TASK REQUIREMENTS :: All lines from the top of the records below through the line holding "對于他兒子的說法,王先生予以", and only those, should be printed exactly, minus the pictures.

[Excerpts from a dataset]
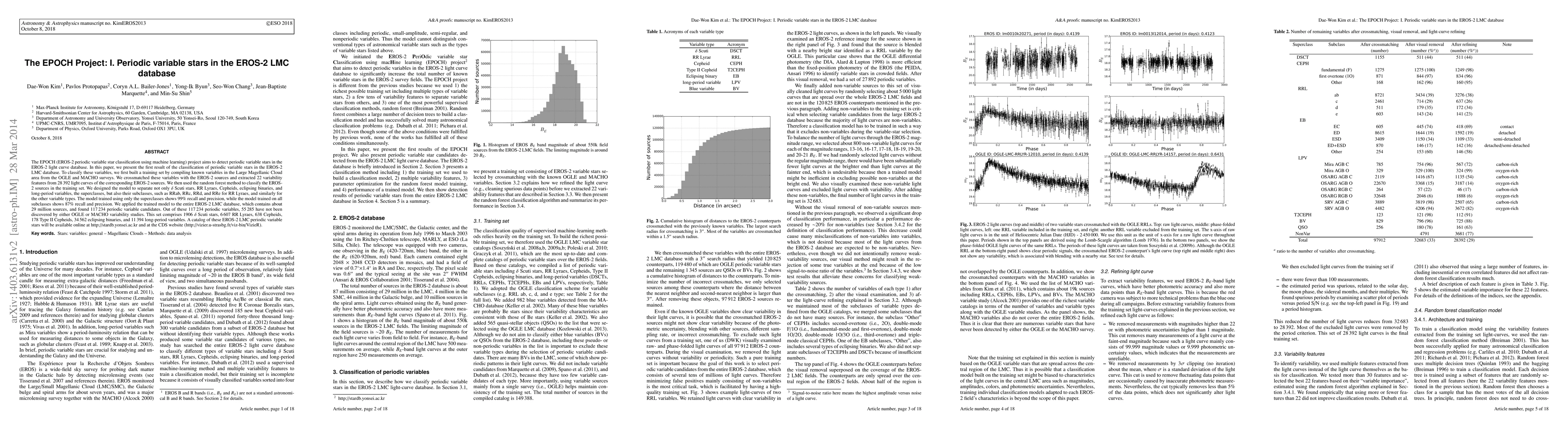 The EPOCH project employs machine learning to classify periodic variable stars in the EROS-2 Large Magellanic Cloud database, identifying 117,234 candidates, including 55,285 previously undiscovered variables, using a random forest model trained on features extracted from 28,392 light curves. The trained model distinguishes between various superclasses and subclasses of variable stars.
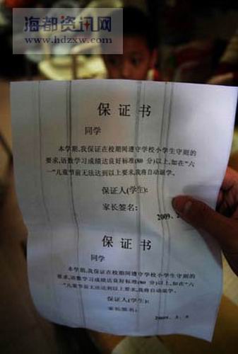 對于他兒子的說法,王先生予以證實。他說,已有學生家長交上簽好名的保證書,當時校方叫他簽字時,他婉拒了。“孩子受教育應該是平等的,不應以學習成績來區別,這兩天孩子一直悶悶不樂,可能此事已傷到他的自尊心了。”王先生說。
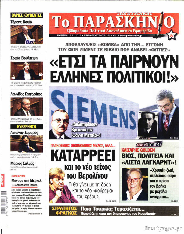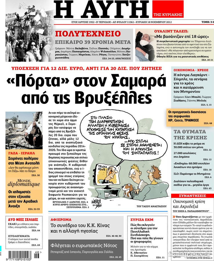 Οι πολιτικές εφημερίδες Enikos Newsroom 09:12, Κυριακή 18 Νοεμβρίου 2012 Media Οι πολιτικές εφημερίδες ΠΟΛΙΤΙΚΕΣ ΕΦΗΜΕΡΙΔΕΣ ΠΡΩΤΟΣΕΛΙΔΑ Μοιράσου το: σχολίασε κι εσύ (0 σχόλια) Ακολουθήστε το enikos.gr στο Google News και μάθετε πρώτοι όλες τις ειδήσεις Δείτε όλες τις τελευταίες ειδήσεις από την Ελλάδα και τον Κόσμο στο enikos.gr Ειδήσεις Ροή Ειδήσεων 2 ώρες πριν Εκτός ευρωομάδας ΣΥΡΙΖΑ ο Νίκος Παππάς μετά την επίθεση στον δημοσιογράφο Νίκο Γιαννόπουλο – Η μήνυση και οι νέες δηλώσεις 2 ώρες πριν «Αγριεύουν» οι αγρότες: «Δεν συντρέχει λόγος συνάντησης με τον πρωθυπουργό» – Ώρα αποφάσεων στη σύσκεψη της Πέμπτης 2 ώρες πριν Κυψέλη: Χωρίς την οικογένειά της δίπλα της απολογήθηκε η 16χρονη – «Της είχε επιτεθεί κάποιος για να την βιάσει, φοβήθηκε και κυκλοφορούσε με μαχαίρι» 1 ώρα πριν Politico: Το πρόβλημα της Ευρώπης δεν είναι το Βέλγιο αλλά ο Ντόναλντ Τραμπ 3 ώρες πριν Αλεξανδρούπολη: Πολυοργανική ανεπάρκεια λόγω υποσιτισμού η αιτία θανάτου του 3χρονου αγοριού 2 ώρες πριν Μυστήριο με τεράστιες κυκλικές πέτρες 200 κιλών – Ανακαλύφθηκαν τυχαία κατά τη διάρκεια οδικών έργων και κανείς δεν ξέρει από πού προέρχονται 3 ώρες πριν Ύπνος: Ειδικός εξηγεί τον πραγματικό λόγο που ξυπνάτε στις 4 τα ξημερώματα – Ο ρόλος των ορμονών και του κιρκάδιου ρυθμού 4 ώρες πριν Αριθμολογία: Οι άνθρωποι που έχουν γεννηθεί αυτές τις 4 ημερομηνίες, είναι τρυφεροί και αγαπούν ανιδιοτελώς 15 ώρες πριν 20 χρόνια τα Χριστούγεννα ξεκινούν στα Public με μεγάλη ποικιλία σε δώρα! 14 λεπτά πριν Βέλγους πολιτικούς και επικεφαλής χρηματοπιστωτικών ιδρυμάτων στοχοποιεί η Μόσχα για τα κατασχεθέντα περιουσιακά στοιχεία 29 λεπτά πριν ΗΠΑ: Αναζητείται δεύτερος ύποπτος για την επίθεση στο πανεπιστήμιο Μπράουν 44 λεπτά πριν Λεωφόρος Αλεξάνδρας: Δεν εντοπίστηκε βόμβα έξω από το κολλέγιο – Προσήχθη άνδρας για το προειδοποιητικό σημείωμα 1 ώρα πριν Ελένη Κρίτα για το reunion του «Παρά Πέντε»: «Ήταν πραγματικά σαν να μην είχαμε χαθεί ποτέ» 1 ώρα πριν Κύπελλο Ελλάδας: Αυτά είναι τα ζευγάρια στα νοκ-άουτ, οι διασταυρώσεις στους «8» κι ο δρόμος προς τον τελικό ENIKOS NETWORK Αϋπνία: Το κόλπο που θα σας βοηθήσει να κοιμηθείτε απόψε – Είναι απλό και έχει αποτέλεσμα 2,6 εκατομμύρια πολίτες έχουν ήδη εμβολιαστεί κατά της γρίπης ΕΛΣΤΑΤ: Τι δείχνουν τα νέα στοιχεία για τις ηλεκτρονικές παραγγελίες των επιχειρήσεων ΚΕΠΕ: Οι 3 διακριτές συμβολές των ΜμΕ και της μεταποίησης στην ελληνική οικονομία Χαρτογραφώντας το «σημείο χωρίς επιστροφή»: Για πρώτη φορά αποκαλύπτεται με λεπτομέρεια το ακανθώδες όριο της ατμόσφαιρας τ... Η Google καταργεί τη λειτουργία «dark web report» – Πώς θα μπορούν οι χρήστες να διαγράφουν τα δεδομένα τους περισσότερα 22:24 , Τετάρτη 17 Δεκεμβρίου 2025 Το Σπίτι Δίπλα Στο Ποτάμι: Σε κίνδυνο η υγεία του Απόστολου – Τι θα δούμε απόψε “Το Σπίτι Δίπλα στο Ποτάμι” ξετυλίγει το νήμα της ζωής των πέντε αδελφών με καταισ... 21:14 , Τετάρτη 17 Δεκεμβρίου 2025 Παιχνίδια Εκδίκησης: Θα καταφέρει ο Χρήστος να κλονίσει την εμπιστοσύνη της Μάγιας απέναντι στον Άγη; Τα «Παιχνίδια Εκδίκησης» έρχονται απόψε στις 22:30, στον Αντ1, με το τελευταίο επεισόδιο της χ... 20:57 , Τετάρτη 17 Δεκεμβρίου 2025 Άγιος Έρωτας: Η Χλόη καταθέτει εναντίον του πατέρα της και ο Χάρης αποκαλύπτει στον Κλεάνθη ότι δεν είναι ο βιολογικός του πατέρας. Γεμάτο αποκαλύψεις είναι το νέο επεισόδιο της σειράς “Άγιος Έρωτας” απόψε στις 21:... 20:15 , Τετάρτη 17 Δεκεμβρίου 2025 Η ανακοίνωση της ΕΣΗΕΑ για την επίθε
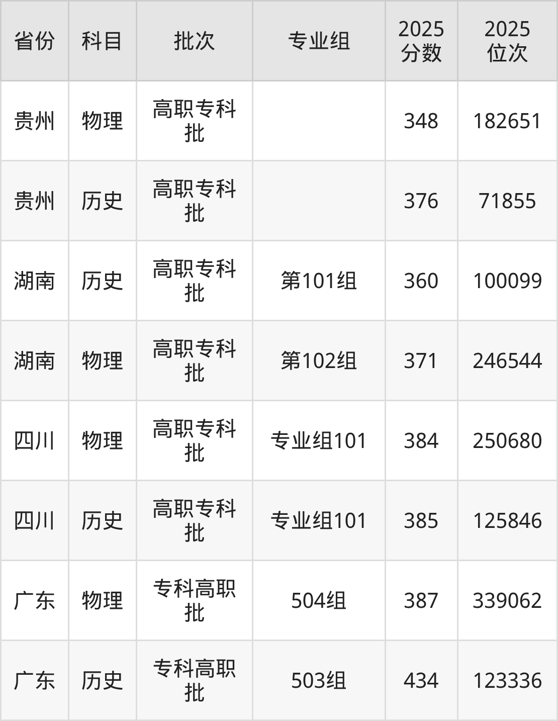 2025年广西交通职业技术学院全国录取分数线是348分到434分,录取最低在贵州物理类、录取最高在广东历史类(503组)。各省各专业组最低分具有差异,详情如下:
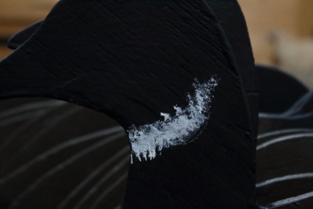The sides could be painted a solid color – I use Behr Ashwood – or even kept just Grey primer. I paint in the curvature of the side feathers to suggest depth.

WRITTEN REPLY ::
 The EPOCH project employs machine learning to classify periodic variable stars in the EROS-2 Large Magellanic Cloud database, identifying 117,234 candidates, including 55,285 previously undiscovered variables, using a random forest model trained on features extracted from 28,392 light curves. The trained model distinguishes between various superclasses and subclasses of variable stars.
 對于他兒子的說法,王先生予以證實。他說,已有學生家長交上簽好名的保證書,當時校方叫他簽字時,他婉拒了。“孩子受教育應該是平等的,不應以學習成績來區別,這兩天孩子一直悶悶不樂,可能此事已傷到他的自尊心了。”王先生說。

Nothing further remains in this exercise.